** Assigned task **
Wherever "entre" turns up in the entries, copy out the line that holds it.

** Provided data **
-*-*-
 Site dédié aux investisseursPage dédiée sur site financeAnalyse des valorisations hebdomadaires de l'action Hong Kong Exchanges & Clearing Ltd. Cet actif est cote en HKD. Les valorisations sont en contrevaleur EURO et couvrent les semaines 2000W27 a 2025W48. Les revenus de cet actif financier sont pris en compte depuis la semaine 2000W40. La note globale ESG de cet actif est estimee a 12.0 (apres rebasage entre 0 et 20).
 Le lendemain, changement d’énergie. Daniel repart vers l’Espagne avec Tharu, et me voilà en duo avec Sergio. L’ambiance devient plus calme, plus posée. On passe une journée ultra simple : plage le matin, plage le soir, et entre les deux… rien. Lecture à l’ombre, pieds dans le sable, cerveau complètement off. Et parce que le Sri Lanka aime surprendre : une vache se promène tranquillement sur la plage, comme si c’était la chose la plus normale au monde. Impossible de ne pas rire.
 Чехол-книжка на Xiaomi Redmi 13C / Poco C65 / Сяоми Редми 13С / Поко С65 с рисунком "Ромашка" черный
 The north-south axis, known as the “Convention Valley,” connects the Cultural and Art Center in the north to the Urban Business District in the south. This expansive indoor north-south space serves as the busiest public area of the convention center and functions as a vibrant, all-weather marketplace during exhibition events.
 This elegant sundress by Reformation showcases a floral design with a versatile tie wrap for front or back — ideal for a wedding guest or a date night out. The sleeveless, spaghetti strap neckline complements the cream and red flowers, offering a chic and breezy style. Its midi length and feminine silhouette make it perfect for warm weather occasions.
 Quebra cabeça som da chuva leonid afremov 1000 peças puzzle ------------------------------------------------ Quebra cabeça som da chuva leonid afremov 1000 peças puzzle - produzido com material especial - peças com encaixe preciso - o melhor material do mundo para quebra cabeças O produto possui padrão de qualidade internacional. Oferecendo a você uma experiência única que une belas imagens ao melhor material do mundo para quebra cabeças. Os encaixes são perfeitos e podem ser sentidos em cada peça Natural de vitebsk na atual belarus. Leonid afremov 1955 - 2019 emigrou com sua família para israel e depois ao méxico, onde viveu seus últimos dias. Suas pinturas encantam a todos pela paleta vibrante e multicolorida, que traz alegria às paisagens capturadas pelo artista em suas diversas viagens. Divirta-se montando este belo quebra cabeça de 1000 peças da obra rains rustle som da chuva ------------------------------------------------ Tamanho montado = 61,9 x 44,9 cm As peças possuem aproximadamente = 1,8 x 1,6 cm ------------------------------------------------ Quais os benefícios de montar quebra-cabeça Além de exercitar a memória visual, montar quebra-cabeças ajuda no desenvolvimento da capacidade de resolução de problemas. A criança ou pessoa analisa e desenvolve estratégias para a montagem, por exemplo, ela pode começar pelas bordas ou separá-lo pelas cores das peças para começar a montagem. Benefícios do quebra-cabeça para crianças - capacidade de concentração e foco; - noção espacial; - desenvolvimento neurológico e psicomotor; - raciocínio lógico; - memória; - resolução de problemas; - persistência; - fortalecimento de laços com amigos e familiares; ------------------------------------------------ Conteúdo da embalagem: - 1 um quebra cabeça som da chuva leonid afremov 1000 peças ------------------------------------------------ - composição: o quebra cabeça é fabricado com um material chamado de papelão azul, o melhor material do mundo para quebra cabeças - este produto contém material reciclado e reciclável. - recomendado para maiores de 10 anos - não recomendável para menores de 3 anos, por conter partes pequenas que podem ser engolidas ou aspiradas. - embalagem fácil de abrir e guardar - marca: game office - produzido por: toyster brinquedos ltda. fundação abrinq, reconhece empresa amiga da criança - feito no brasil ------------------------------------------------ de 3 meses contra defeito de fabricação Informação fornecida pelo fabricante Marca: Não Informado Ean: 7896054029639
-*-*-
** Solution to the exercise **
 Site dédié aux investisseursPage dédiée sur site financeAnalyse des valorisations hebdomadaires de l'action Hong Kong Exchanges & Clearing Ltd. Cet actif est cote en HKD. Les valorisations sont en contrevaleur EURO et couvrent les semaines 2000W27 a 2025W48. Les revenus de cet actif financier sont pris en compte depuis la semaine 2000W40. La note globale ESG de cet actif est estimee a 12.0 (apres rebasage entre 0 et 20).
 Le lendemain, changement d’énergie. Daniel repart vers l’Espagne avec Tharu, et me voilà en duo avec Sergio. L’ambiance devient plus calme, plus posée. On passe une journée ultra simple : plage le matin, plage le soir, et entre les deux… rien. Lecture à l’ombre, pieds dans le sable, cerveau complètement off. Et parce que le Sri Lanka aime surprendre : une vache se promène tranquillement sur la plage, comme si c’était la chose la plus normale au monde. Impossible de ne pas rire.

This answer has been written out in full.